PL: Images can be ingested from a shared folder, or scan station, or ftp/ftps, or API. Hotfolder ingestion can be further controlled by including an optional XML ticket. XML tickets control workflow, output, and allow metadata to be ingested along with the image to be processed.

What to look out for:

EH: we find that running the whole image increases the page count, each image ends up as 4-6 pages. Not necessarily a problem but good to be aware of if page count is an issue.

Tesseract Tips

What works best:

Resolution: x-height (pixel height of lowercase letter) between 20-40 pixels is ideal
Switching to grayscale, increasing contrast, and other image treatments can improve output at times

What to look out for:

Resolution: an x-height below 8-12 pixels will produce very poor OCR return
Using a black background for package labels (e.g. lichens, bryophyte) will create a black border that can significantly reduce OCR return
Form labels can interfere with OCR output
Faded labels or images with poor lighting can be problematic
Old font can be problematic.

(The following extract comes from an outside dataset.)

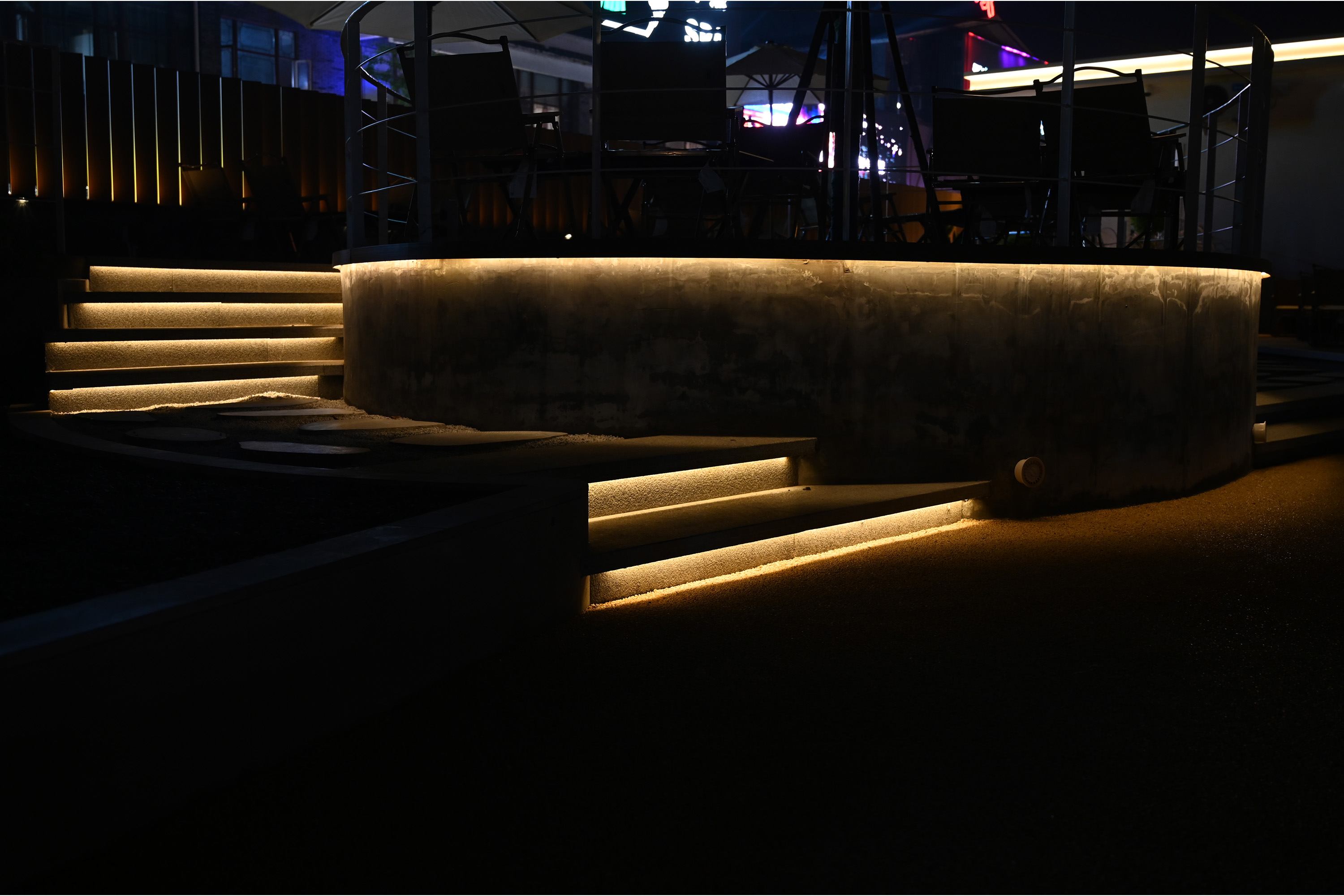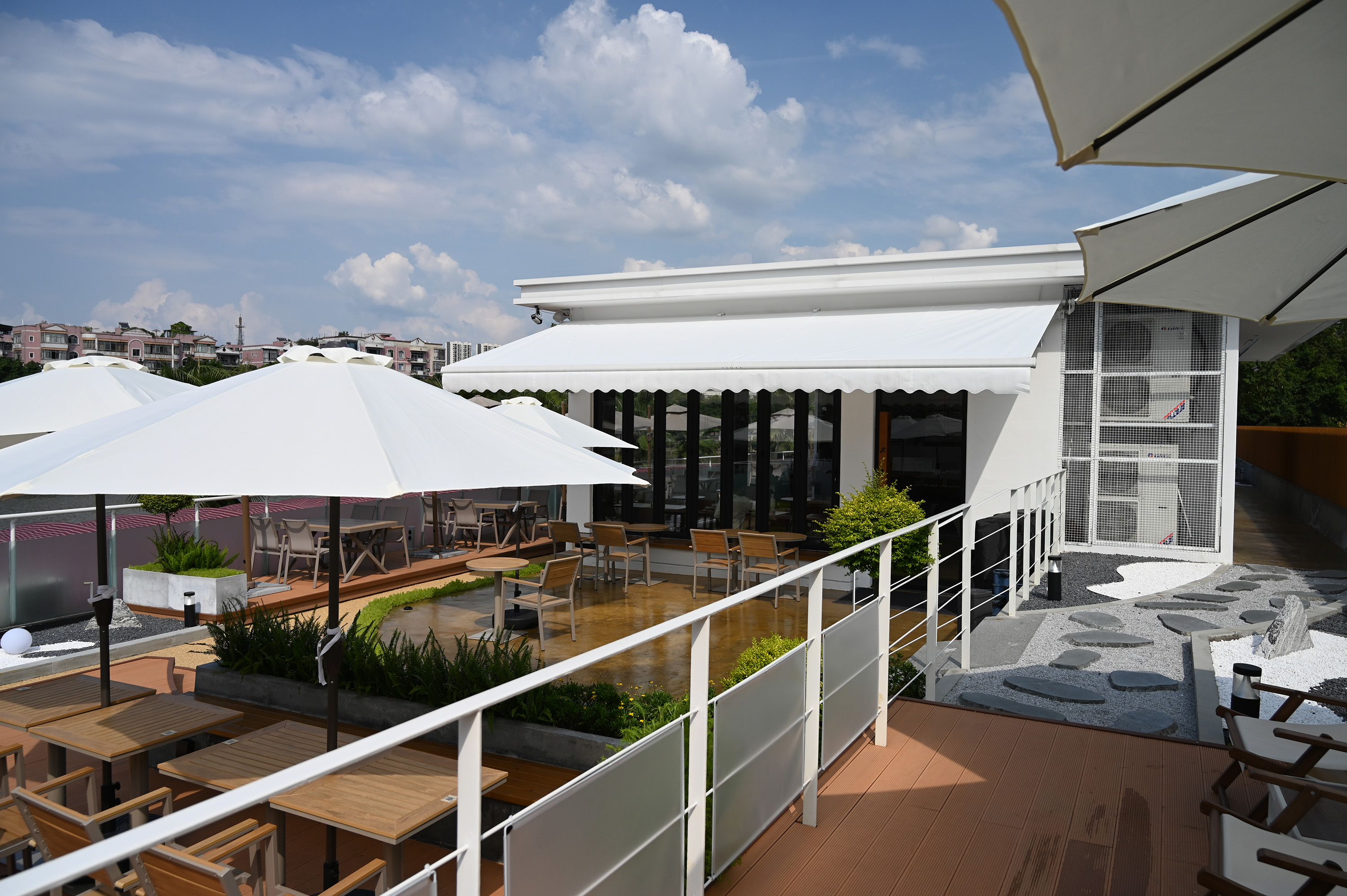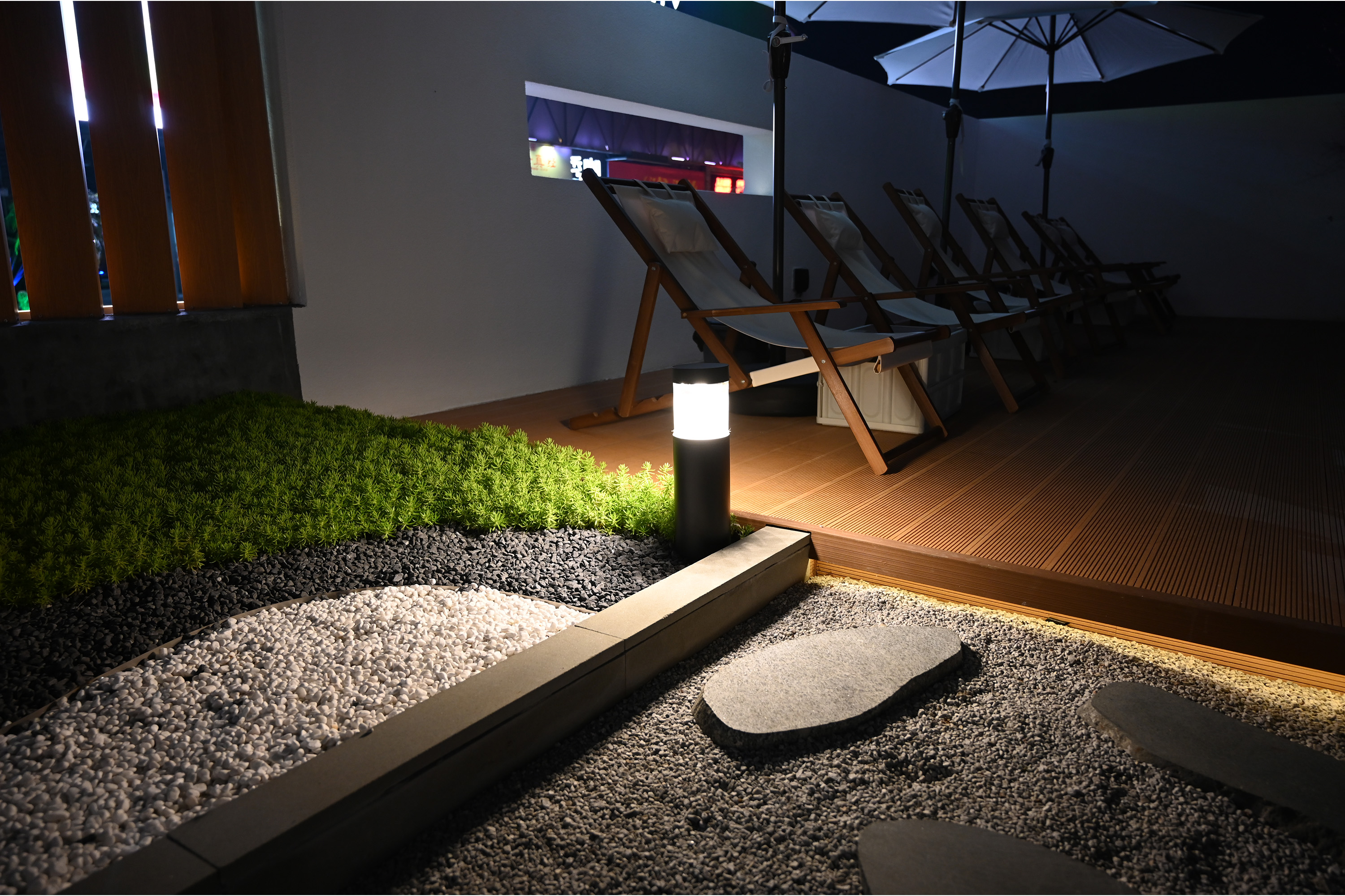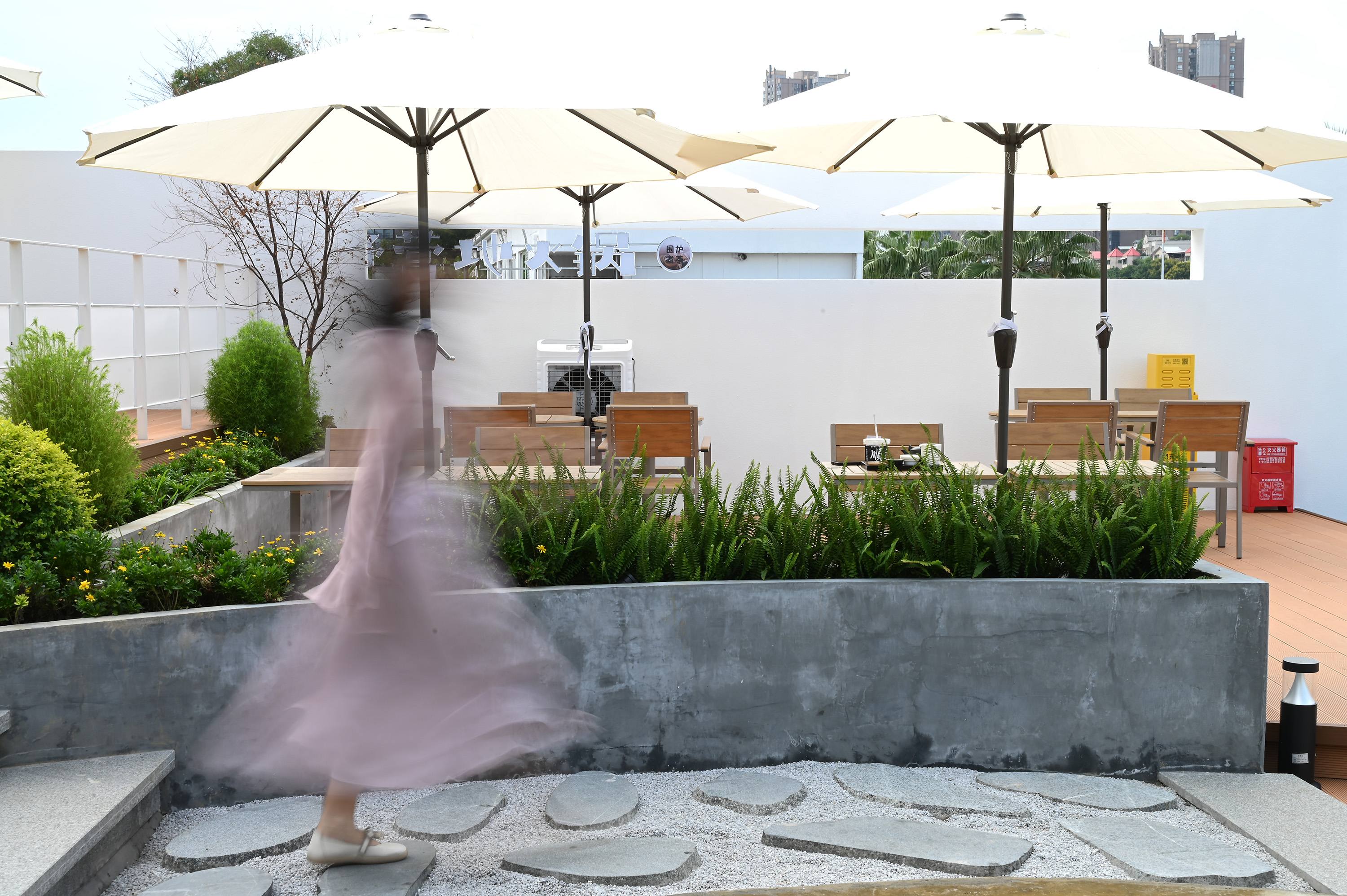 空间布局:项目一共有三个板块,室内大厅,户外A区,户外B区,通过中间搭建区将两户外始末串联,互通户外花园与室内。户外庭院错落有致分割不同的落座区,保证了 私密和空间的层次感。将休憩和交流两种状态整合与一体,从而达到了移步异景的视觉效果。

However, it is possible to train Tesseract for new fonts

Fixing errors:

Tesseract makes characteristic errors. Some of these such as "\/\/" or "\X/" substituted for for "W" can be be globally replaced as it is highly unlikely that they would occur on their own on a label. Others such as "O" substituted for "0", "1" or "!" substituted for "l" or "Z" substituted for "2" or visa versa can be replaced in a context-dependent manner in dates, latitudes and longitudes, etc. For instance, a string containing multiple errors such as "0ct. !Z, ZOlZ" can be programmatically located with a regular expression and changed to "Oct. 12, 2012" or even "12-October-2012" so that it can be entered into a database.

Misc notes:

Will often recognize vertical text
Image input can be tif, jpeg, or gif

Omnipage features

Advantages of Omnipage

  • Very good OCR accuracy
  • Converted documents e.g. pdf-files look exactly like the original. Similar fonts.
  • Supports output formats including XML, PDF, HTML, Microsoft Word, plus many more formats.
  • Provides location (coordinates) of recognized words.
  • Batch processing with 4 cores.
  • Schedule large volumes of files for batch processing from folders.
  • Recognises over 120 languages.
  • Price from $149.00 (standard) to $499.00 (professional)

Disadvantages

  • is limited to images of 8600 lines
  • Omnipage SDK estimated $6000.00

Source of page contents

Notes on these pages are compiled from the cumulative experiences of the iDigBio Augmenting OCR Working Group and the natural history collections community members contributing their collective knowledge for the benefit of all.